Task to complete: Should any entry include an image, skip the image and copy the entry exactly.

***** Information shown *****

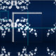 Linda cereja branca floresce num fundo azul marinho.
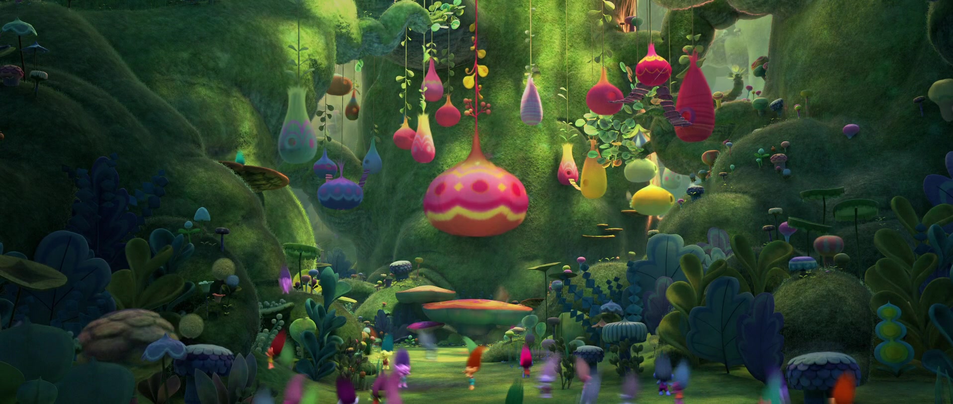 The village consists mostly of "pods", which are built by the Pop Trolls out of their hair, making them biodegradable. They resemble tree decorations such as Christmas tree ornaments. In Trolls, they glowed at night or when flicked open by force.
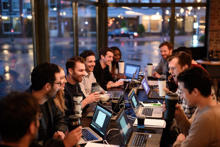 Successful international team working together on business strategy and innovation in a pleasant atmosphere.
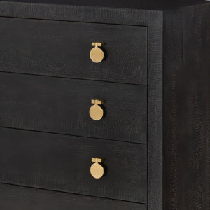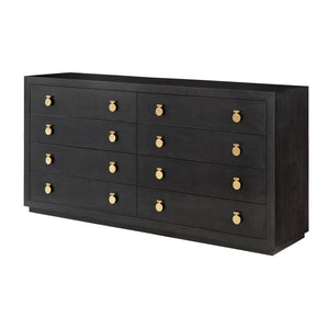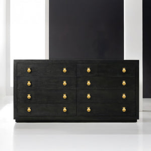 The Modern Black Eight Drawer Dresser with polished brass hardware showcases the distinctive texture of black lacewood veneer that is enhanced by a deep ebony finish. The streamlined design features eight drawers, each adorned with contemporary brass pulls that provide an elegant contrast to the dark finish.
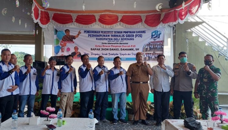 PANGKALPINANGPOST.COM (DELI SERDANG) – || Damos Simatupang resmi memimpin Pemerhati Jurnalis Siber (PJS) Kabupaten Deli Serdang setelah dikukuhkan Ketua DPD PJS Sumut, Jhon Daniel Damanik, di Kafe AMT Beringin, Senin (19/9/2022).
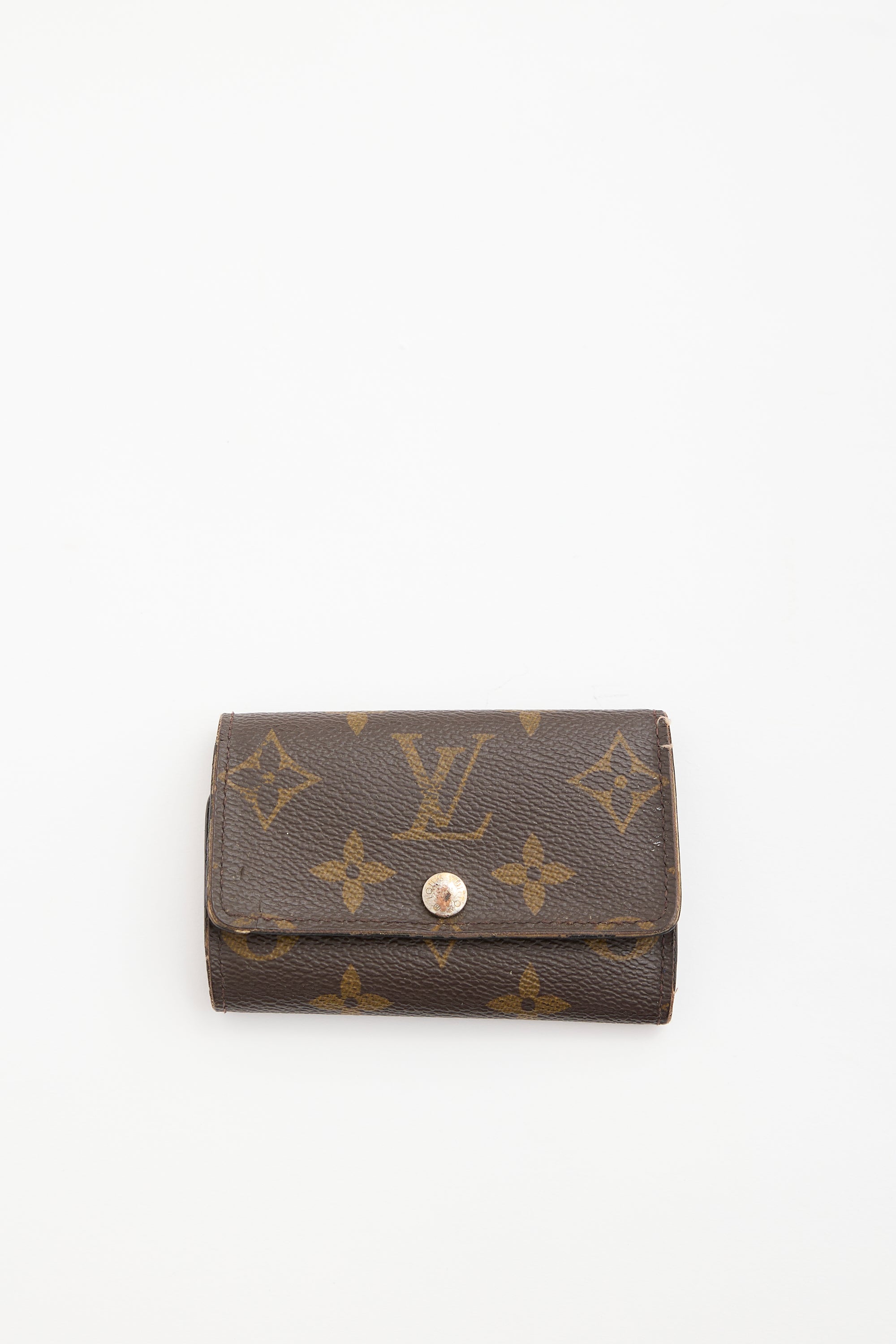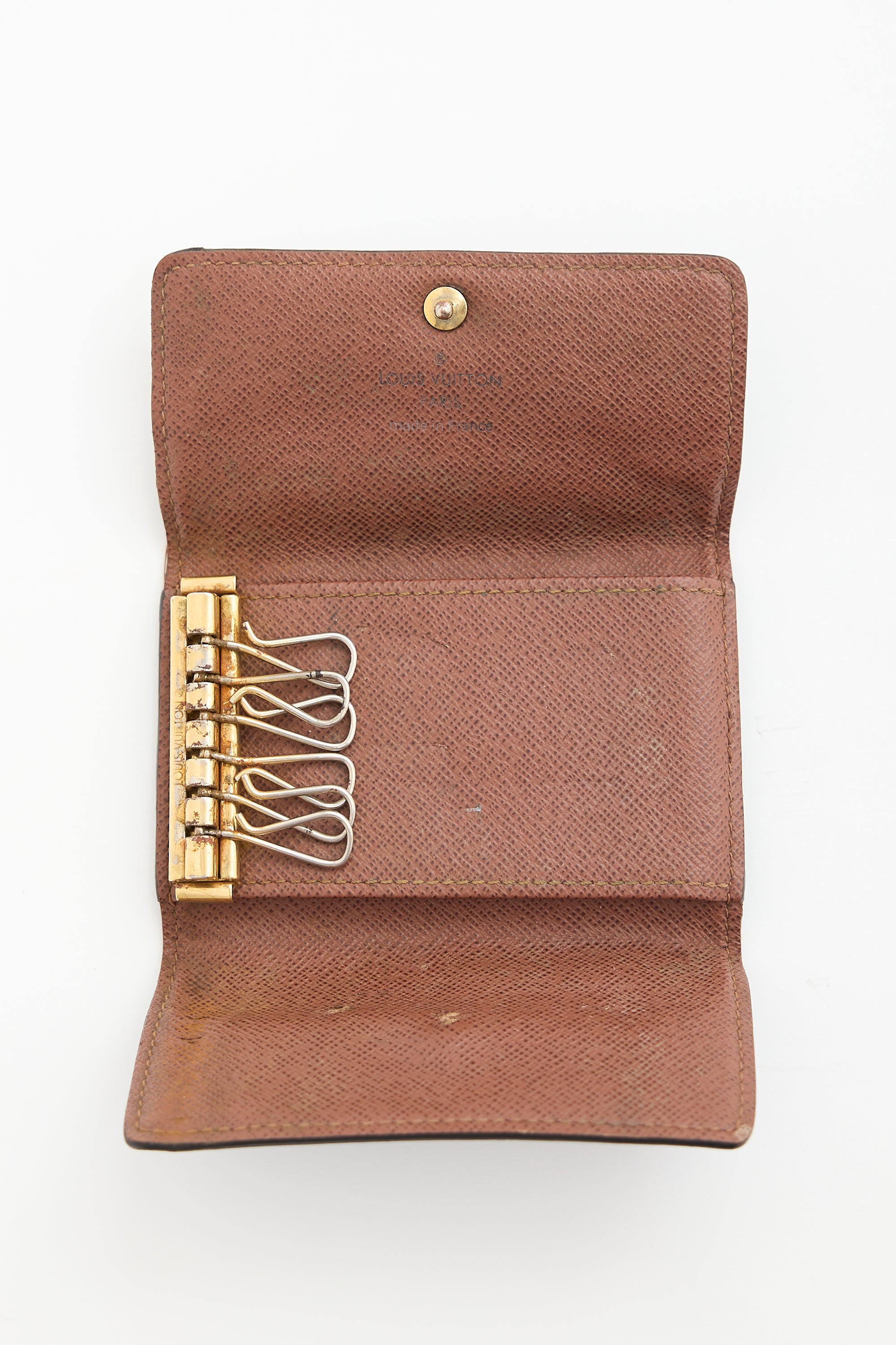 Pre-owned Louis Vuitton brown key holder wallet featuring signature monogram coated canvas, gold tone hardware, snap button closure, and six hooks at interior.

*****

Result of the task:
 Linda cereja branca floresce num fundo azul marinho.
 The village consists mostly of "pods", which are built by the Pop Trolls out of their hair, making them biodegradable. They resemble tree decorations such as Christmas tree ornaments. In Trolls, they glowed at night or when flicked open by force.
 Successful international team working together on business strategy and innovation in a pleasant atmosphere.
 The Modern Black Eight Drawer Dresser with polished brass hardware showcases the distinctive texture of black lacewood veneer that is enhanced by a deep ebony finish. The streamlined design features eight drawers, each adorned with contemporary brass pulls that provide an elegant contrast to the dark finish.
 PANGKALPINANGPOST.COM (DELI SERDANG) – || Damos Simatupang resmi memimpin Pemerhati Jurnalis Siber (PJS) Kabupaten Deli Serdang setelah dikukuhkan Ketua DPD PJS Sumut, Jhon Daniel Damanik, di Kafe AMT Beringin, Senin (19/9/2022).
 Pre-owned Louis Vuitton brown key holder wallet featuring signature monogram coated canvas, gold tone hardware, snap button closure, and six hooks at interior.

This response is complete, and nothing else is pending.